I've used jzbz cages for the last 3 years. Toward the tail end of last year I experimented trying to make candy with honey and powdered sugar, with some success, but it didn't solidify as much as I had hoped.

Prior to that, I used mini marshmallows. Stick one fresh mini marshmallow into the candy tube of the jzbz cage gives about a 24 hour release. Old stale ones that have gone a bit hard are a problem, when you roll them small enough to get into the tube part of the cage, they dont always expand enough to stay seated, and I've had once where using an older stale one the bees didn't touch it, after 5 days queen was still in the cage. I've used two a couple of times when I wanted a release to take longer than 24 hours, cant say for sure it made a difference because I didn't open up to check. But I can say this, the only time I've had a problem using the mini marshmallow was when I used the old stale ones.

For this year, I haven't decided yet if I'm going to try again making queen candy, or just buy a fresh bag of marshmallows.


----------



## ruthiesbees (Aug 27, 2013)

grozzie2 said:


> I've had once where using an older stale one the bees didn't touch it, after 5 days queen was still in the cage. I've used two a couple of times when I wanted a release to take longer than 24 hours, cant say for sure it made a difference because I didn't open up to check. But I can say this, the only time I've had a problem using the mini marshmallow was when I used the old stale ones.
> 
> For this year, I haven't decided yet if I'm going to try again making queen candy, or just buy a fresh bag of marshmallows.


 I completely agree with this statement. Had 2 queens that I was introducing to 2 queenless nucs in January. Using stale marshmallows and in both cases, had to remove the stuff after 5 days to release the queen. Sometimes the 24 hrs isn't enough time though for the crew to get used to the new lady.


----------



## Ian (Jan 16, 2003)

We've been mixing honey and icing sugar. We make it very stiff
The honey keeps it from hardening


----------



## Ben Little (Apr 9, 2012)

Ian said:


> We've been mixing honey and icing sugar.

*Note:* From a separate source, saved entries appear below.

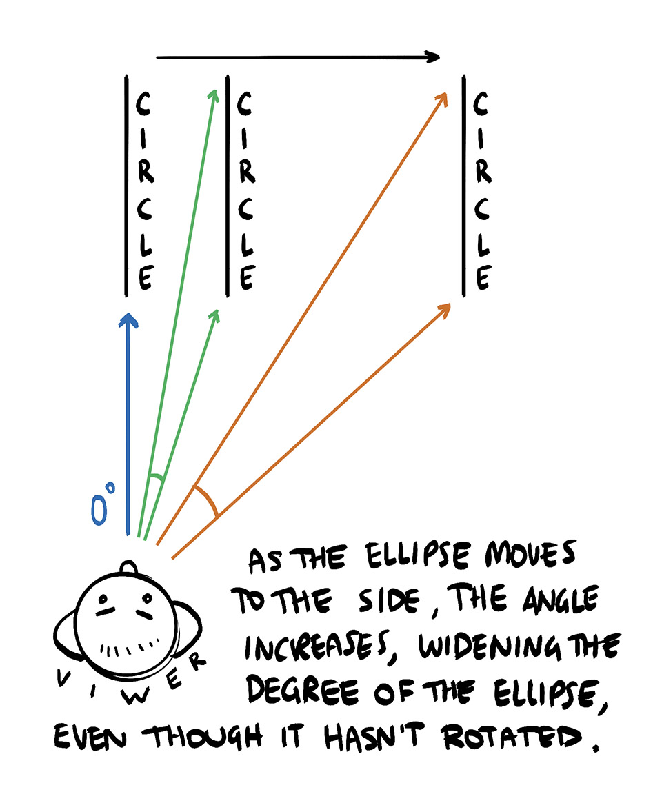 Degree: angle of rotation of circle relative to viewer
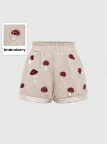 Fairycore Retro Cute Mushroom Embroidery Ruffle Hem Loose Plus Size Shorts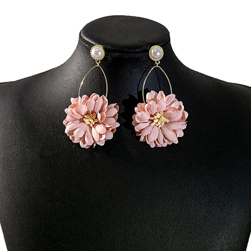 衣都精品- 新款時尚個性誇張粉紅色花朵耳環
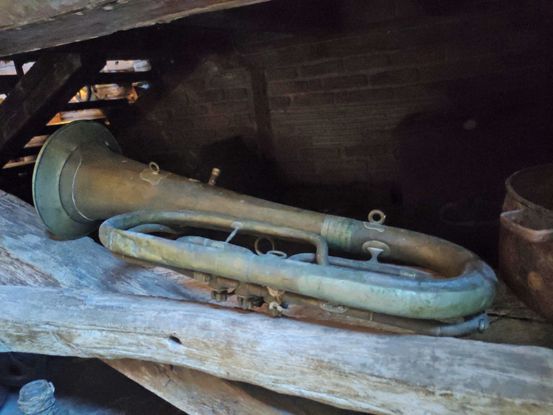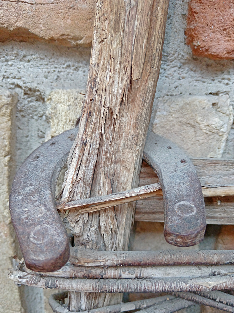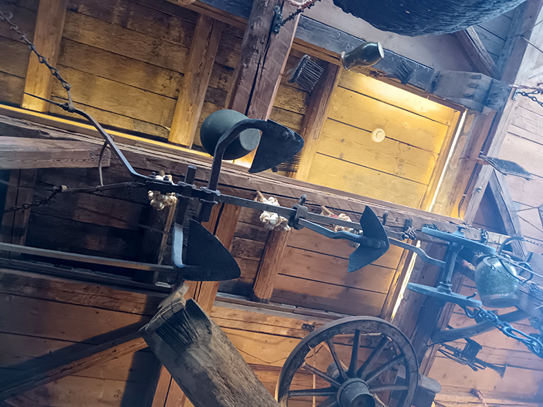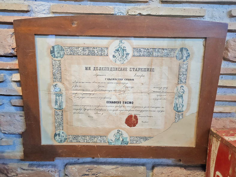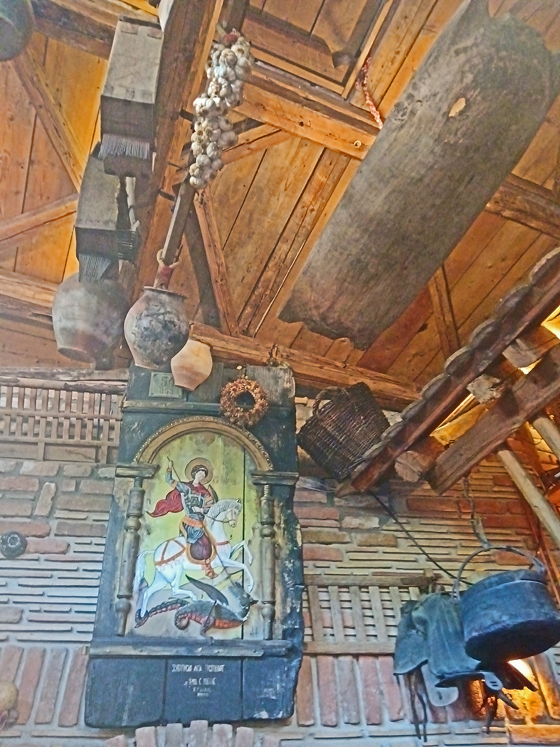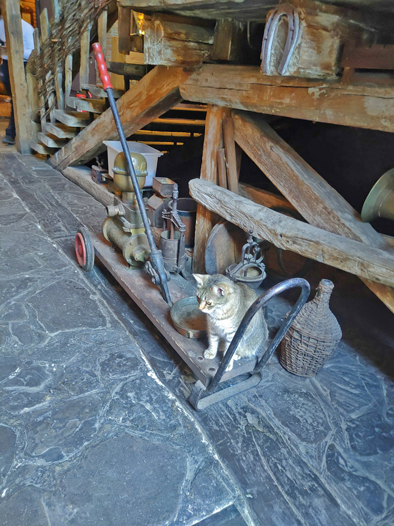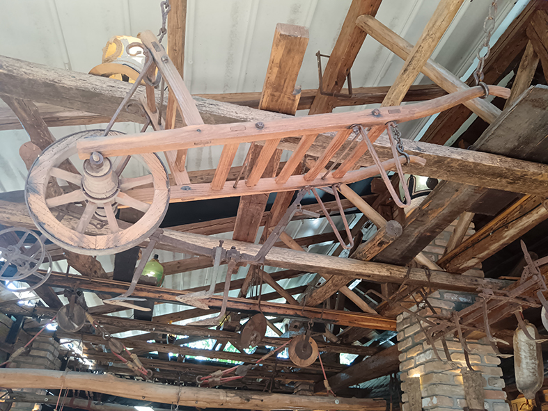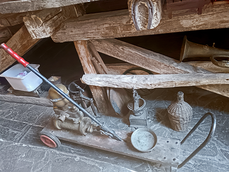 Dok ulazimo ne znam gde bih gledala, da li u plafon i na njemu okačena kolica, plugove, naćve, jasle, lustere od starih vrški, kanti i staklenih pletenih balona za vino i rakiju, kantare ili u zidove na kojima su negdašnji plotovi, lopari za hleb, fenjeri, drvene kutlače, venci belog luka, stare kofe, amovi, ćupovi, testere, nema čega nema. Što više gledam, to manje mogu da popamtim šta sve u par minuta videh.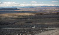 Op de barse ijslandse hoogvlaktes, waar de wegen slecht zijn en daarbij gesloten in de wintermaanden kom je slechts sporadisch een auto tegen. Deze enkele auto benadrukt de leegte van het landschap

We make it very stiff
> The honey keeps it from hardening


Does it matter if it is liquid honey ? I have a bunch of older honey set aside from skimming pails that had wax near the top, it is all crystallized but good enough to feed it to bees.


----------



## Ian (Jan 16, 2003)

All I use is granulated 
We really press the icing sugar in


----------



## Ben Little (Apr 9, 2012)

I will try that as well, thanks


----------



## Matt903 (Apr 8, 2013)

I have used that old timey candy called circus peanuts, you know, it looks like a large peanut? When it is fresh out of the bag, it will give a 3 day release every time. And it makes for a nice snack in the bee yard.


----------



## grozzie2 (Jun 3, 2011)

Ian said:


> All I use is granulated
> We really press the icing sugar in


I'll try again with granulated. When I did it, used liquid honey and pressed in as much powdered sugar as I could get it to take. It was still very soft a month later.


----------



## Ian (Jan 16, 2003)

We do a roll test with it, get at least 2-3"
(Clay roll test is how we measure the amount of clay in our soil, to determine capacity)


----------